Vamos a algumas dessas novas profissões:

Webwriter:

Redige textos jornalísticos e pesquisa informações na internet. Além de escrever bem, precisa conhecer tecnologias específicas desse meio como HTML, CSS e ferramentas de publicação. Ele deve também entender os padrões de comunicação na rede mundial e produzir textos que possam ser facilmente consumidos pelo internauta.

Copywirter:

Assim como o webwriter, produz conteúdo para a internet. Só que, em vez de produzir conteúdo jornalístico, esse profissional web deve criar textos que envolvam e convençam os visitantes de um site. O nome vem do termo em inglês Sales copy, que se refere a um material escrito especialmente para vender um produto ou um serviço.

Blogger Profissional:

Administra a publicação de conteúdo e a manutenção de um blog. Posta novo material e faz ajustes constantemente. Precisa escrever bem, conhecer a linguagem web e estar familiarizado com ferramentas de publicação de conteúdo como o WordPress. É necessário conhecer tecnologias relacionadas ao universo blogger.

Gerente de Redes Sociais:

Um profissional que monitora as diversas comunidades existentes na rede mundial de computadores. O papel dele é estar atento ao que se fala sobre uma empresa ou marca em fóruns, sites de relacionamento e blogs. Ele precisa atuar como uma ponte entre o cliente e as pessoas certas da empresa para a qual trabalha.

Analista de Palavra-chave:

Trabalha principalmente com links patrocinados do Google e de outros sistemas de busca. Seu trabalho é definir as palavras-chave que irão disparar a publicidade e compor o texto do anúncio, que deve passar a mensagem e seduzir o internauta em poucas linhas. Há procura por esse profissional, mas existem poucos experientes.

Consultor BI:

O consultor business intelligence deve analisar informações para tomadas de decisão. Assim, números frios de bancos de dados e ferramentas de estatística podem ser convertidos em idéias para novos negócios. É importante que esse tipo de profissional tenha vivência em outras áreas empresariais para ter uma visão mais geral.

Arquiteto de Informação:

É quem define como um site será, antes que ele seja criado. O arquiteto de informação é responsável por aspectos do site como organização do conteúdo, navegação e usabilidade. Ele deve trabalhar em uma etapa intermediária entre o levantamento de informações com o cliente e a criação dos layouts das páginas.

Especialista em S.E.O:

Profissional com profundo conhecimento em padrões web e sobre o funcionamento do ranking de sistemas de busca. A função dele é fazer sites aparecerem nos primeiros resultados quando é feita uma busca no Google. É uma área que tem novidades todos os dias, por isso deve-se estar diariamente atualizado com as novidades da rede.

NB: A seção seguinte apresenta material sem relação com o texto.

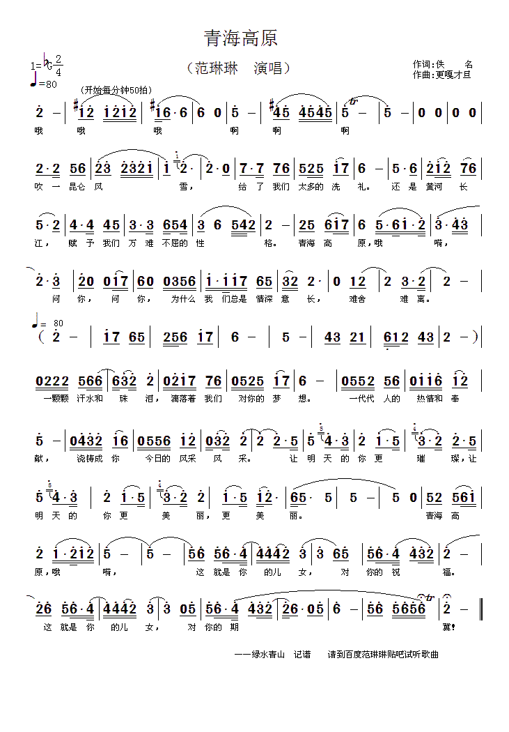 演唱: 范琳琳 词曲: 佚名 记谱/传谱: 绿水青山

Apesar de grandes avanços, algumas práticas inaceitáveis para o momento de modernidade continuam a acontecer. O trabalho escravo, o assédio moral e sexual, a diferença de salário entre homens e mulheres e entre brancos e negros parece ainda demorarem um tempo para definitivamente fazerem parte do passado.

Independente das lutas justas de todos os trabalhadores por melhores condições o trabalho uma coisa é importante destacar: trabalhar, além de ser fundamental para a nossa sobrevivência, deve ser algo que nos realize e nos dê prazer. O labor precisa trazer felicidade, realização profissional e fundamentalmente melhorar a vida das pessoas. O prazer em servir, de que tanto eu falo, se existe no seu trabalho, você tem tudo para ser um profissional feliz, por que salário, até onde eu sei, ninguém, mesmo ganhando muito, está satisfeito com ele. Mas isso é outro assunto.